Возможна ли борьба с коррупцией в системе “вертикали власти”?»
12 мая в новом конференц-зале Международного общества «Мемориал» в Москве прошел третий открытый семинар в рамках проекта «Демократия в России» «Подотчетность власти и коррупция. Возможна ли борьба с коррупцией в системе “вертикали власти”?», организованный «Мемориалом» и аналитическим центром Юрия Левады.
Участникам семинара было предложено обсудить следующие вопросы:
- Какова специфика институциональной организации, следствием которой является коррупция?
- Возможна ли борьба с коррупцией при отсутствии демократических институтов и системы «разделения властей»?
- Почему тотальная коррумпированность государства не становится поводом для массовых протестов в России?
- С чем мы имеем дело: с коррупцией власти или коррупцией (организацией) общества?
Семинар вела координатор проекта «Демократия в России», политолог Евгения Лёзина.
Основными докладчиками выступили социолог, президент Фонда ИНДЕМ (
www.indem.ru) Георгий Сатаров, политолог, директор Центра антикоррупционных исследований и инициатив «Transparency International - Россия» (
www.transparency.org.ru) Елена Панфилова, социолог, директор Аналитического центра Юрия Левады, главный редактор журнала «Вестник общественного мнения» (
www.levada.ru) Лев Гудков.
Георгий Сатаров определил коррупцию как эпифеномен, компенсирующий неэффективность формальных, государственных институтов и охарактеризовал «идеальные» культурно-политические модели коррупции: «западную», «восточную», «латиноамериканскую», «африканскую» и «советскую».

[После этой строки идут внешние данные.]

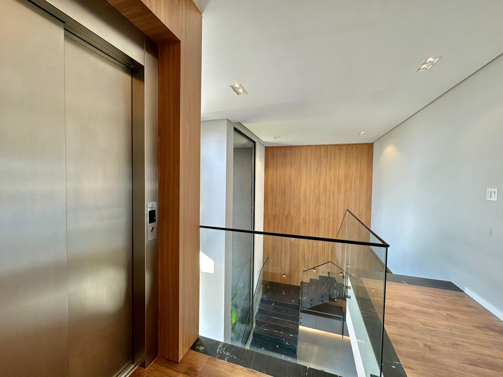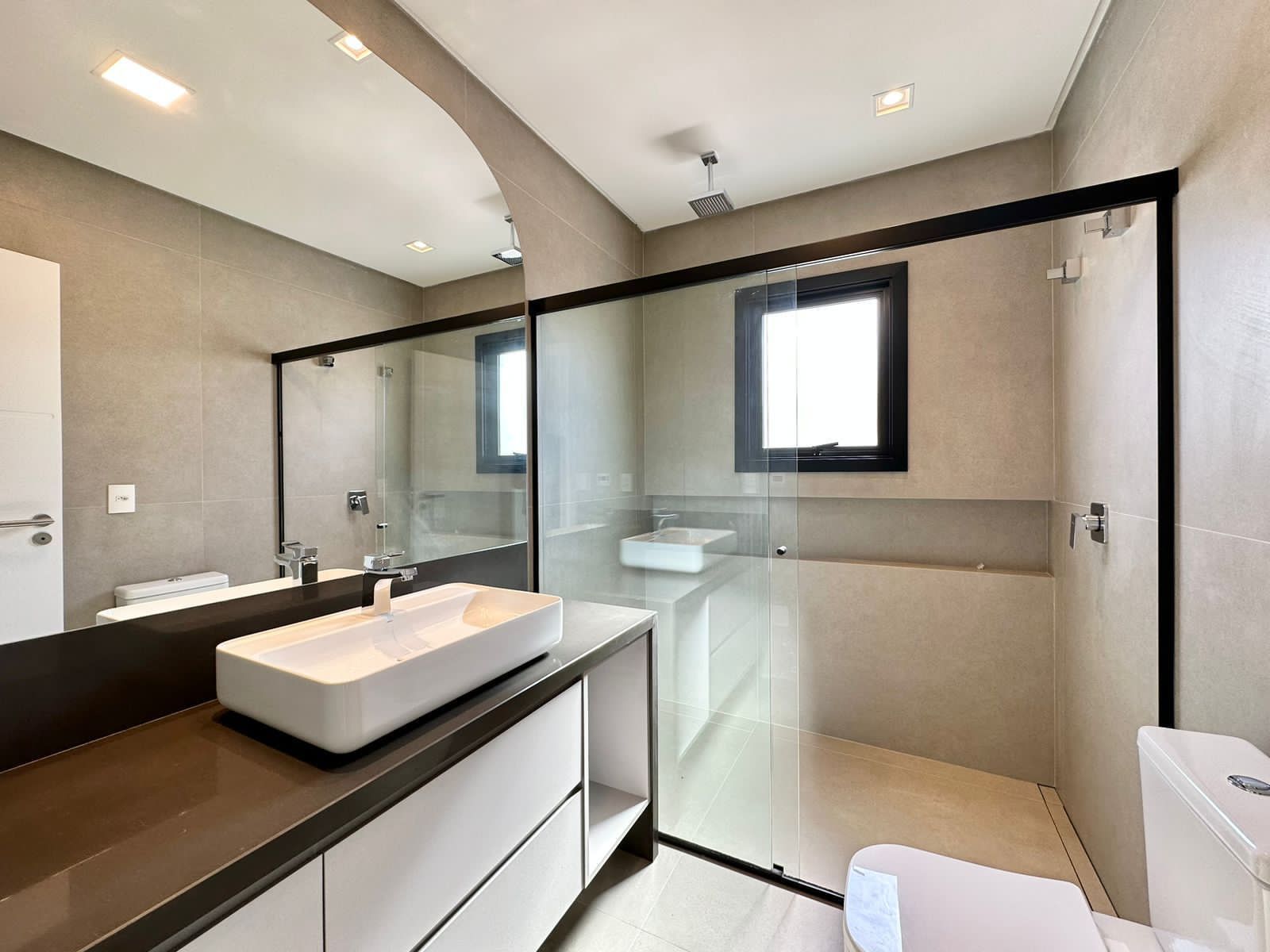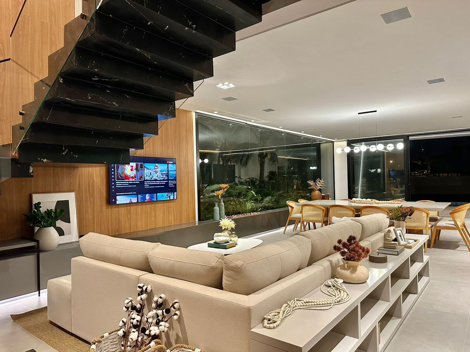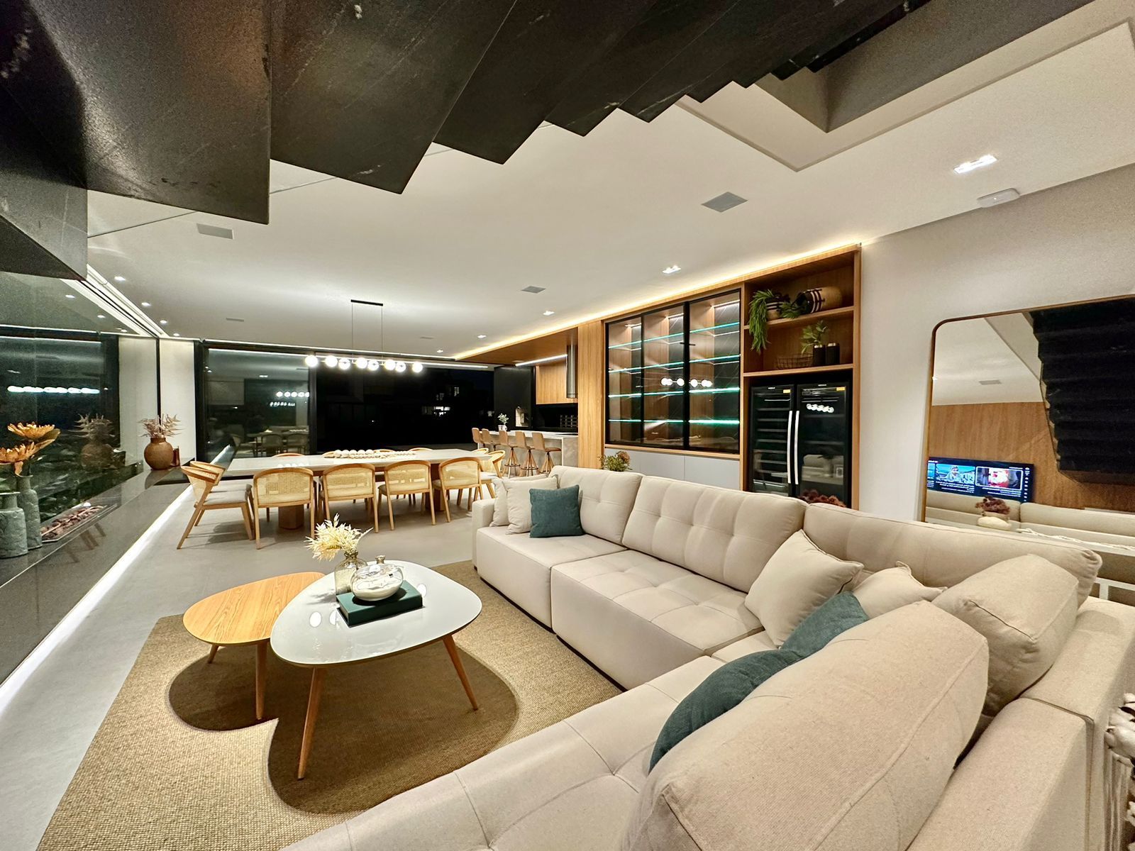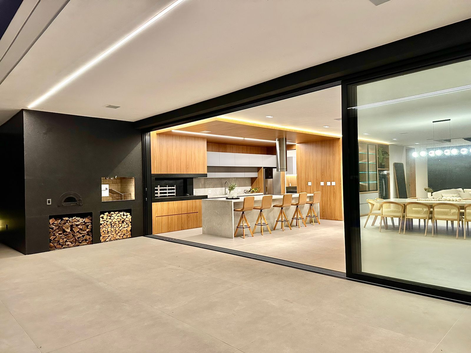 SOBRADO À VENDA BEIRA LAGO ——— Sobrado com 467 M² Lote com M² 06 Suítes sendo 01 térrea Lavabo Beira Lago Piscina de concreto Deck junto ao lago Automatizado Mobiliado Muita Iluminação natural Lareira Churrasqueira Living integrado Aberturas em PVC Piso Aquecido nos Banheiros

Признаки «западной» коррупции:
- Коррупция - вид теневых рыночных услуг
- Собственность отделена от государства
- Определенность прав собственности
- Весьма низкая бытовая коррупция
- Захват власти выше захвата бизнеса
Признаки «восточной» коррупции:
- Коррупция - вид разветвленных социальных отношений с высокой долей патрон-клиентских отношений
- Собственность не отделена от власти
- Статусность прав собственности
- Низкая бытовая коррупция
- Власть обеспечивает богатство и собственность
Признаки «латиноамериканской» коррупции:
- Коррупция основывается на сетях политического и экономического обмена, кроме того - это инструмент контроля и подавления
- Собственность не отделена от власти
- Коррупция в виде прямых поборов конкурирует с коррупцией как видом услуг
- Неопределенность прав собственности
- Высокая бытовая коррупция
- Доминирование капитала над властью
Признаки «африканской» коррупции:
- Коррупция - вид разветвленных социальных отношений с высокой долей патриархальных отношений в рамках расширенной семьи
- Собственность не отделена от власти
- Неустойчивость прав собственности
- Высокая бытовая коррупция
- Контроль власти над бизнесом
- Жестокая конкуренция кланов за власть
Признаки «советской» коррупции:
- Дефицит товаров и услуг
- Централизованное распределение ресурсов
- Власть обеспечивает контроль над собственностью
- Извращенные экономические стимулы
- Патрон-клиентские отношения
- Сети ресурсного и административного обмена
- Повсеместность коррупции, компенсируемая запретом «Брать не по чину»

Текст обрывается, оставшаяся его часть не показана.